Prompt — From the line containing "秋冬季德绒无痕保暖背心女自发热双面加绒加厚打低衫带胸垫内衣女" to the line containing "The masses of" in the records below, set down every line exactly as it stands, both ends included, and skip the pictures.

Provided material —
----

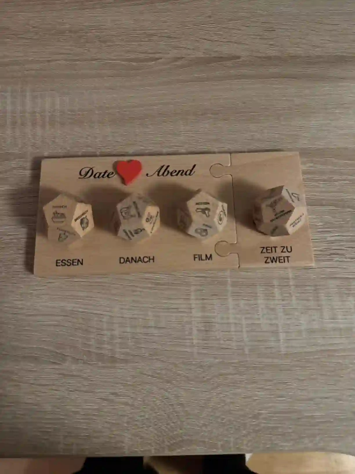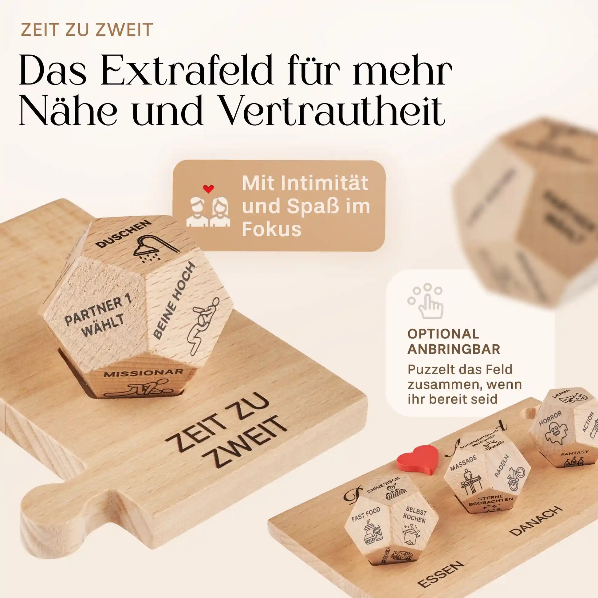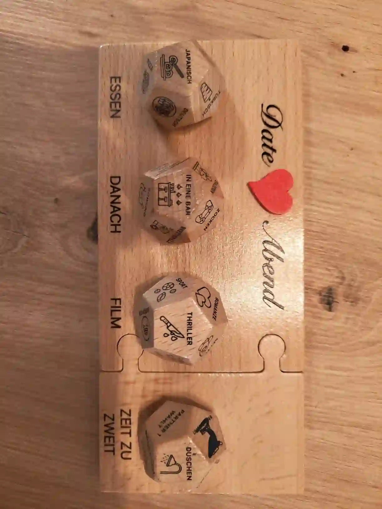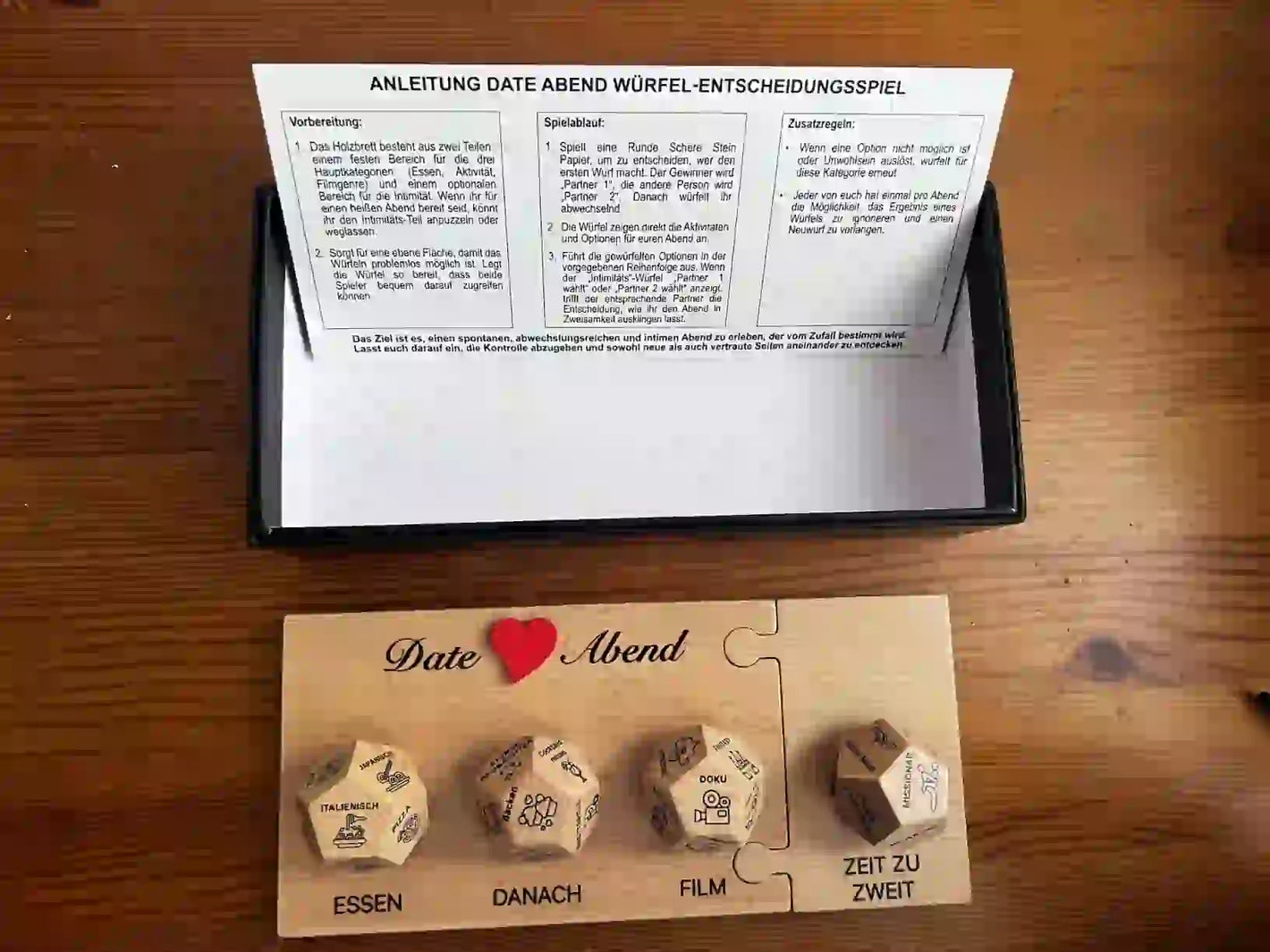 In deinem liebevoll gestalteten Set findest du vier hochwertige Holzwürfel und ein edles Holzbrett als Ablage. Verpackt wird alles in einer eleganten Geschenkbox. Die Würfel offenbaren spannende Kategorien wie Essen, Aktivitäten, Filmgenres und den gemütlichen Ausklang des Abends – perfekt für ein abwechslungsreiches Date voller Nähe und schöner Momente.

----

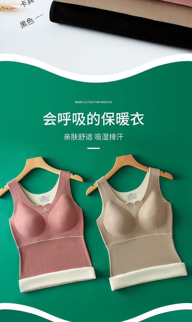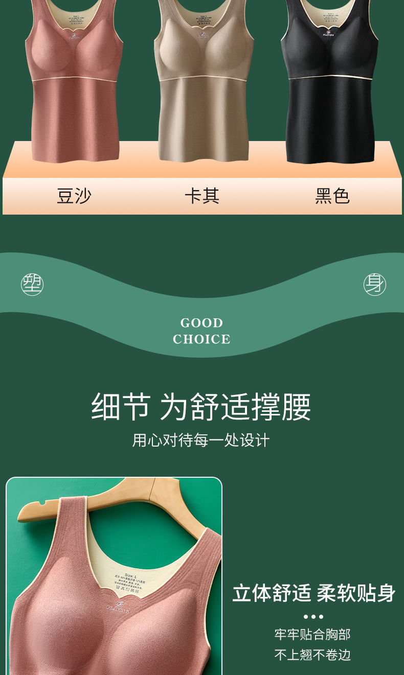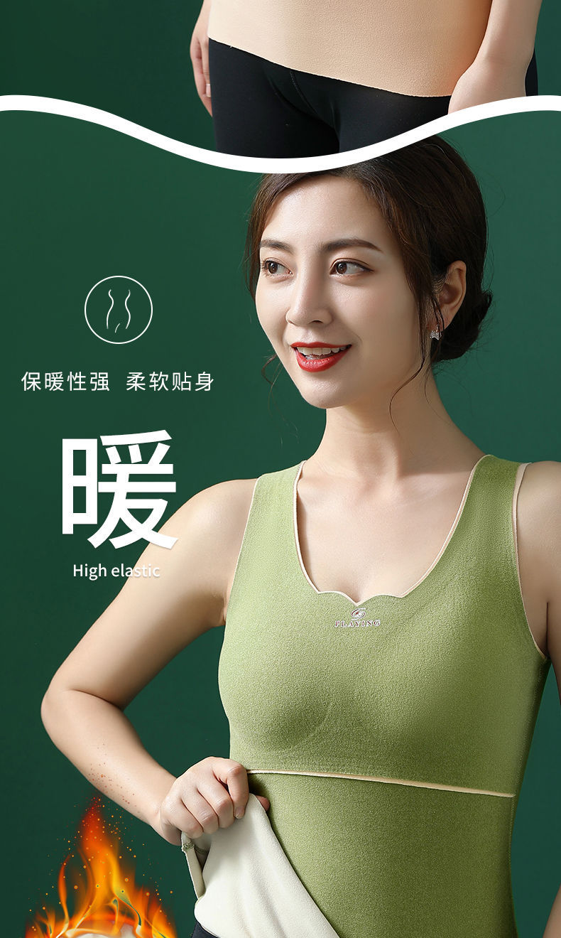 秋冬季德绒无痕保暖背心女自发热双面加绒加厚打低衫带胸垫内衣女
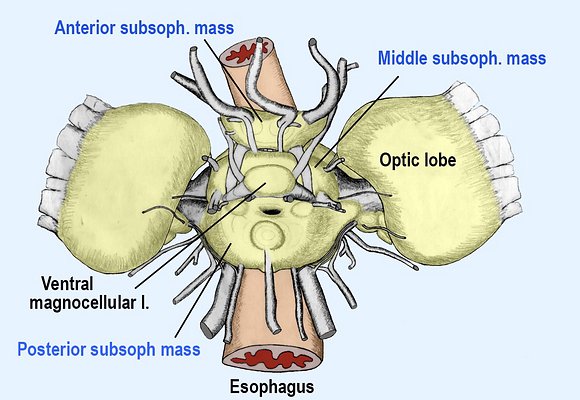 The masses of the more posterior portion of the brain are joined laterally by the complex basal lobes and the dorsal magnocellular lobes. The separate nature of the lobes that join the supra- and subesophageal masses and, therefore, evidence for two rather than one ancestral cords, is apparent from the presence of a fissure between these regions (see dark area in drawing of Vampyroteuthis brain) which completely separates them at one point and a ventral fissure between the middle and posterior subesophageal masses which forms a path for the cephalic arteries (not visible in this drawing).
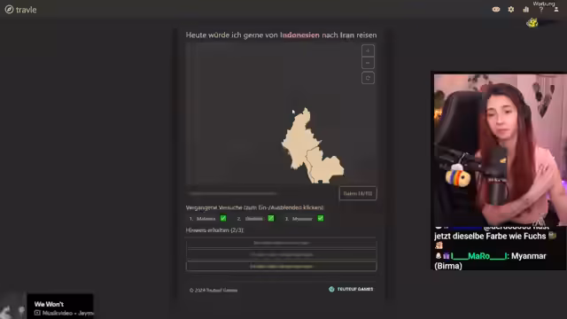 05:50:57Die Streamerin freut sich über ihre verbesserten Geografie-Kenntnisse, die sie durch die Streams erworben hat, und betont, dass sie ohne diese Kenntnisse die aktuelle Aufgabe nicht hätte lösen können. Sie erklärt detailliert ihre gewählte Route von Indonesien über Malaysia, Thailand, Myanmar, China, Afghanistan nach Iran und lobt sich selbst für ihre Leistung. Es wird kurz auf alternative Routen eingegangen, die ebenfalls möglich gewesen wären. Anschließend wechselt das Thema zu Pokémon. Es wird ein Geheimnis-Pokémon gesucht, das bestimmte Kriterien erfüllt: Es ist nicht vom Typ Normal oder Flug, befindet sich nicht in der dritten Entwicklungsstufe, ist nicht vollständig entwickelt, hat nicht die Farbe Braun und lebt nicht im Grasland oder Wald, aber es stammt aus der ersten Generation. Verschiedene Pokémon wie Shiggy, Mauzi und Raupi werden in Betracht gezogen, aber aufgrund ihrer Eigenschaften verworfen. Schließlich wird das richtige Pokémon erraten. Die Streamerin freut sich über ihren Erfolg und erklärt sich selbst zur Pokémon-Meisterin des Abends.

----

Expected output —
 秋冬季德绒无痕保暖背心女自发热双面加绒加厚打低衫带胸垫内衣女
 The masses of the more posterior portion of the brain are joined laterally by the complex basal lobes and the dorsal magnocellular lobes. The separate nature of the lobes that join the supra- and subesophageal masses and, therefore, evidence for two rather than one ancestral cords, is apparent from the presence of a fissure between these regions (see dark area in drawing of Vampyroteuthis brain) which completely separates them at one point and a ventral fissure between the middle and posterior subesophageal masses which forms a path for the cephalic arteries (not visible in this drawing).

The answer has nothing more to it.